**Data items:**

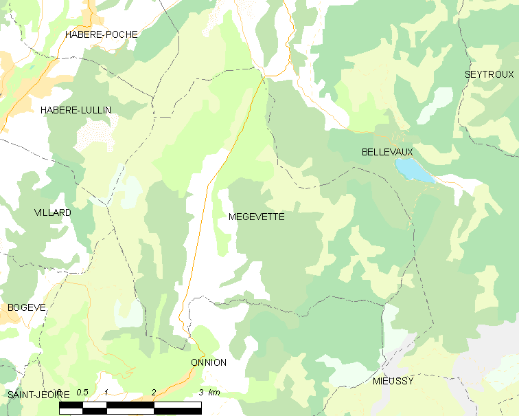 Map of French municipality Mégevette
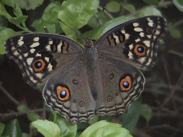 Lemon pansy upperside. wet season form
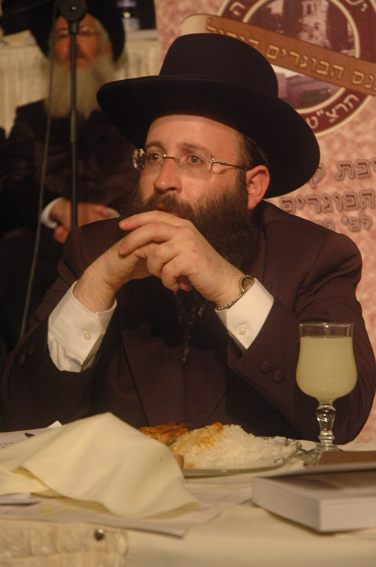 The Raabi of The Western wall
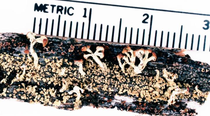 Cladonia botrytes (K.G. Hagen) Willd., 1787 (photograph of a herbarium specimen) Growing on old wood in a sunny exposure along the N side of the Montreal River, E side of Highway 17, Ontario, Canada; collected and identified by Richard E. Riefner (No. 81-501, 23 Jul 1981); specimen is now in the Lichen Herbarium of the New York Botanical Garden. (millimeter scale)
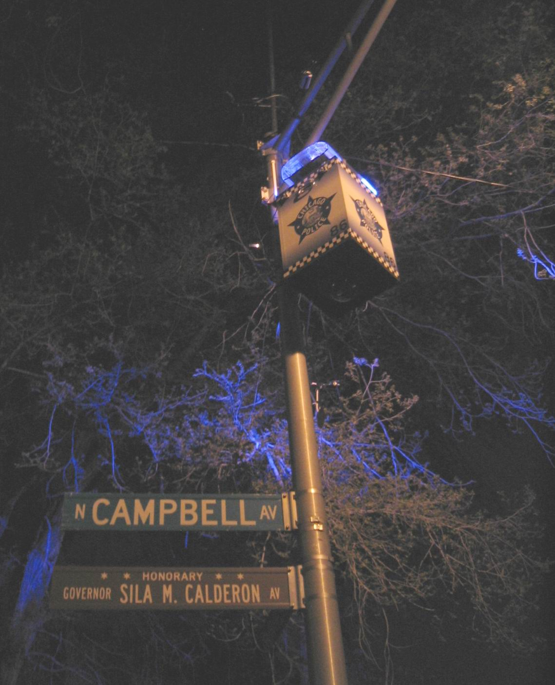 Chicago Police Camera
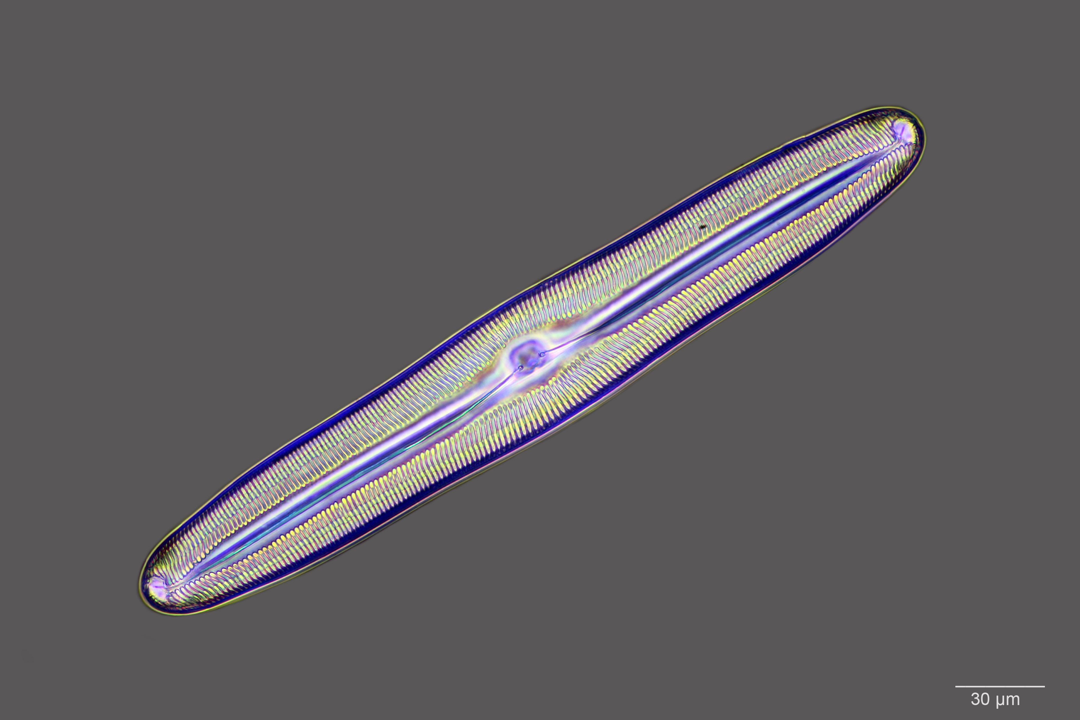 Diatom Frustule Pinnularia major (Kützing) Rabenhorst Light microscopy, variable phase contrast
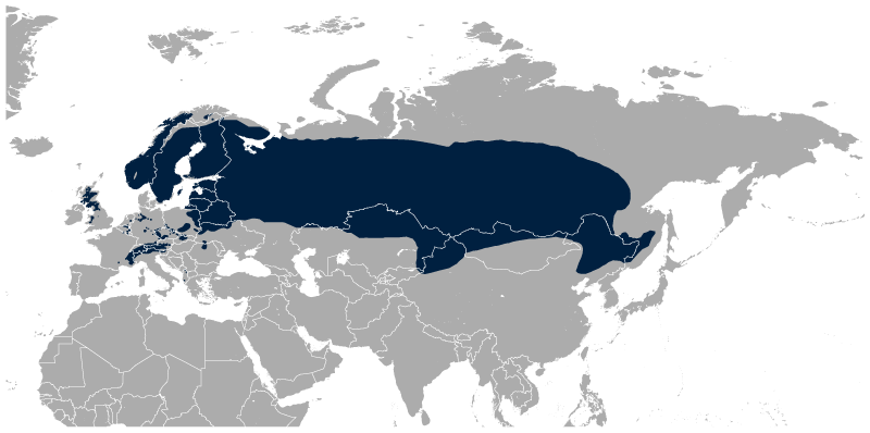 Geographical distribution of the Black Grouse Lyrurus tetrix. The map was created using the Generic Mapping Tools, GMT, version 5.1.2.
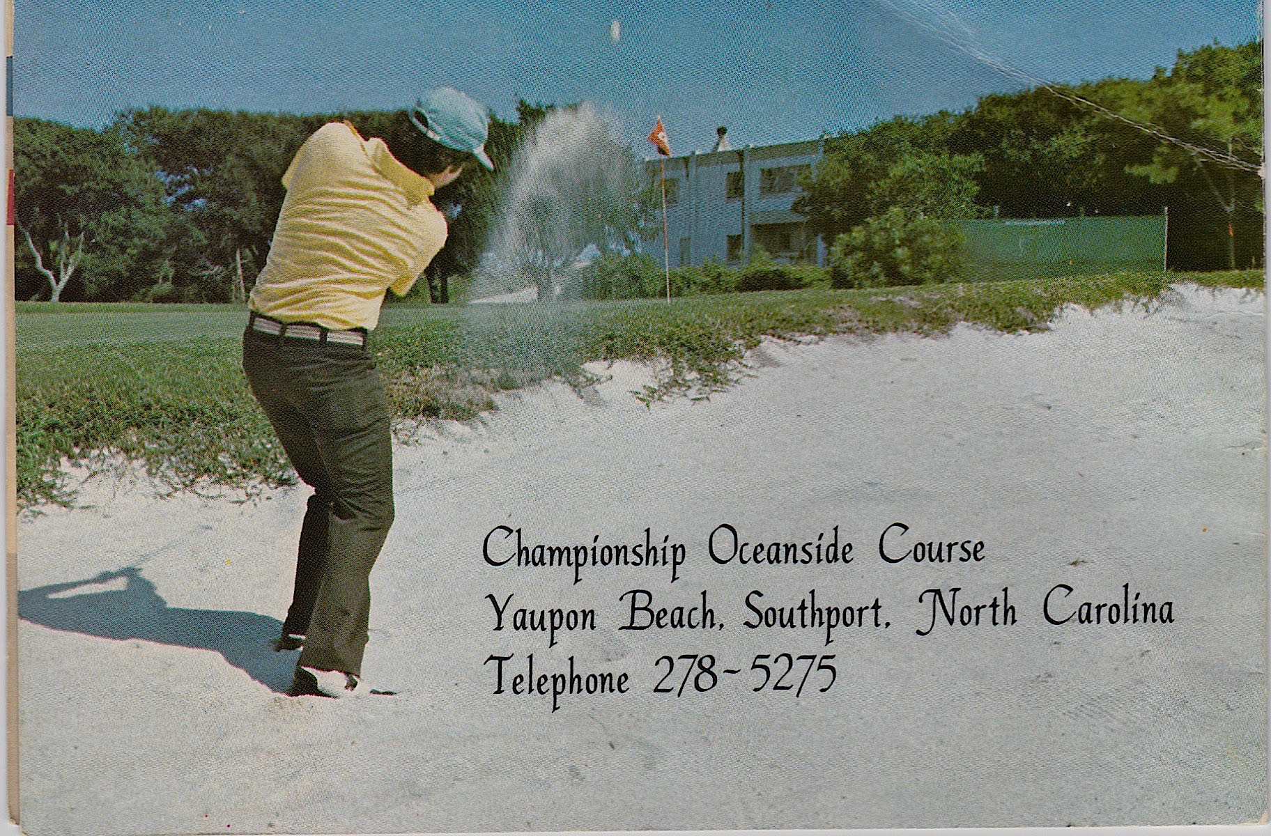 Photo of scorecard cover showing old clubhouse and bunker near the 18th Green.
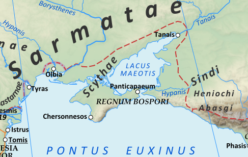 Map of the Roman Empire in 125 during the reign of emperor Hadrian, cropped to show the Scythian-ruled coast of the Black Sea. Projection Lambert azimuthal-equal area. Central latitude: 45° N, central longitude: 20° E. X, Y origin offset - 0 Datum: ETRS89 Sources The physical map was made using the following public domain sources: Topography: NASA Shuttle Radar Topography Mission (SRTM30) data Shoreline, lakes and rivers: derived from Natural Earth data Additional references for the map content: Tacitus, Germania (ca. 100) Ptolemy, Geographia (ca. 140) Atlante storico DeAgostini, Instituto Geografico DeAgostini, 1998. pg. 35-41. Historischer Weltatlas, Dr. Walter Leisering, Marix Verlag, 2011. pg. 26-27 Történelmi világatlasz, Cartographia Kiadó, 2005. pg. 20-21. The Penguin Historical Atlas of Ancient Rome by Christopher Scarre, Penguin Historical Atlases, 1995. pg. 81. Software used GIS: Open JUMP GIS (open source): GRASS GIS (open source): Graphics editors: Inkscape (open source): GIMP (open source)
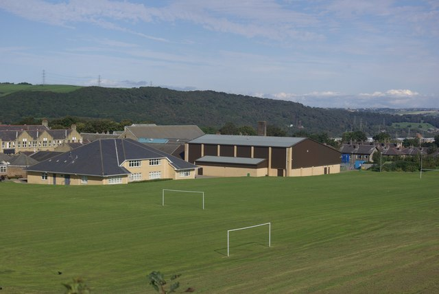 Brooksbank school from the rear It is nice to see that some thought has gone into the design of the new classroom block. Next to it is the school gym, which is always going to look like it is a gym.
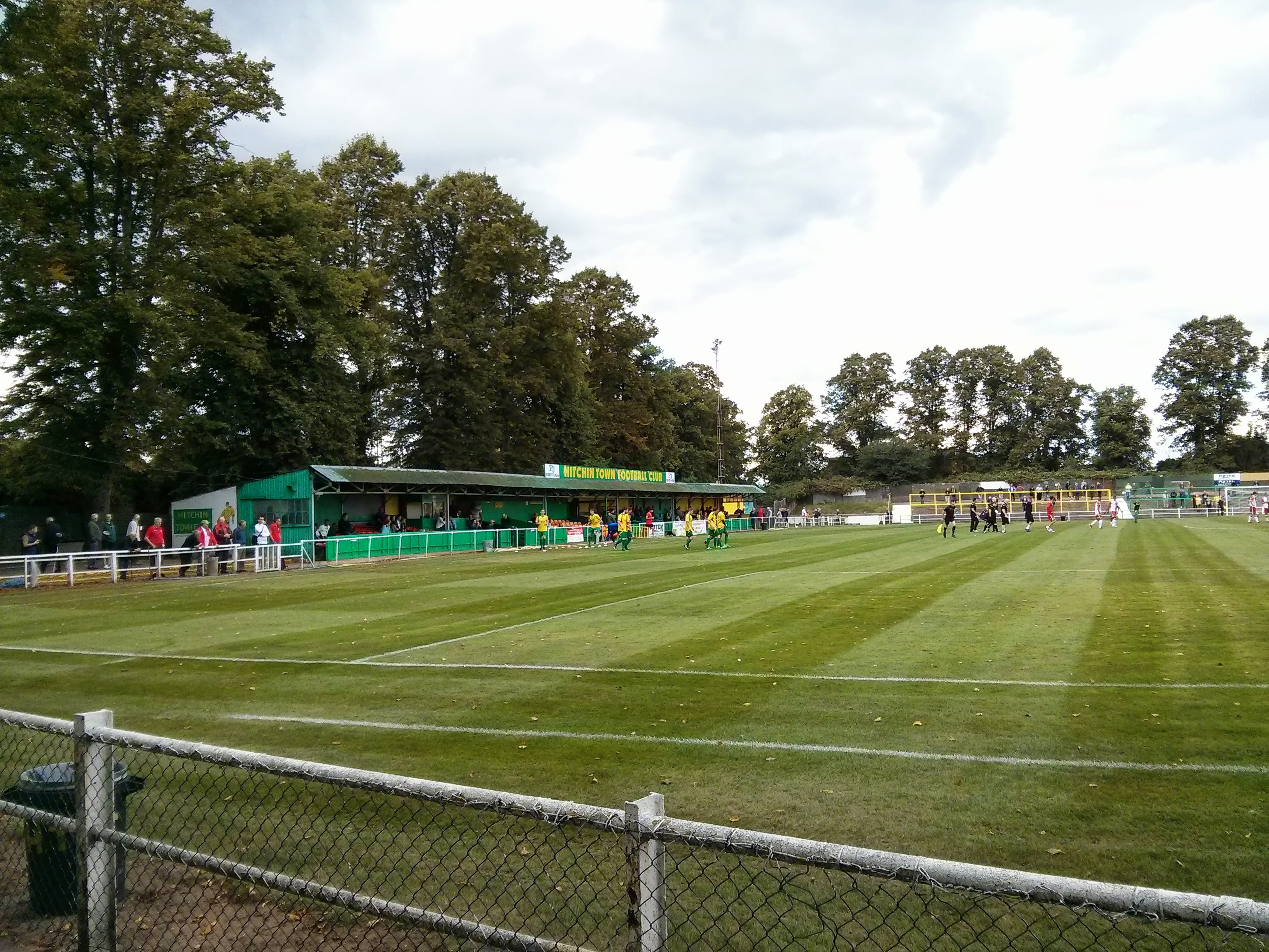 The main stand at Top Field, home of Hitchin Town FC.
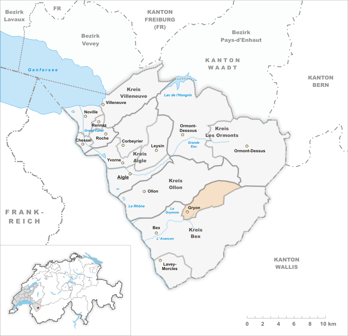 Municipality Gryon
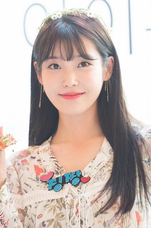 IU for Sony, 25 July 2016

**TO DO:** Repeat exactly the lines from the first line of the records above through the line containing "Photo of scorecard", both included. Leave out the pictures.

**RESPONSE TO THE EXERCISE:**
 Map of French municipality Mégevette
 Lemon pansy upperside. wet season form
 The Raabi of The Western wall
 Cladonia botrytes (K.G. Hagen) Willd., 1787 (photograph of a herbarium specimen) Growing on old wood in a sunny exposure along the N side of the Montreal River, E side of Highway 17, Ontario, Canada; collected and identified by Richard E. Riefner (No. 81-501, 23 Jul 1981); specimen is now in the Lichen Herbarium of the New York Botanical Garden. (millimeter scale)
 Chicago Police Camera
 Diatom Frustule Pinnularia major (Kützing) Rabenhorst Light microscopy, variable phase contrast
 Geographical distribution of the Black Grouse Lyrurus tetrix. The map was created using the Generic Mapping Tools, GMT, version 5.1.2.
 Photo of scorecard cover showing old clubhouse and bunker near the 18th Green.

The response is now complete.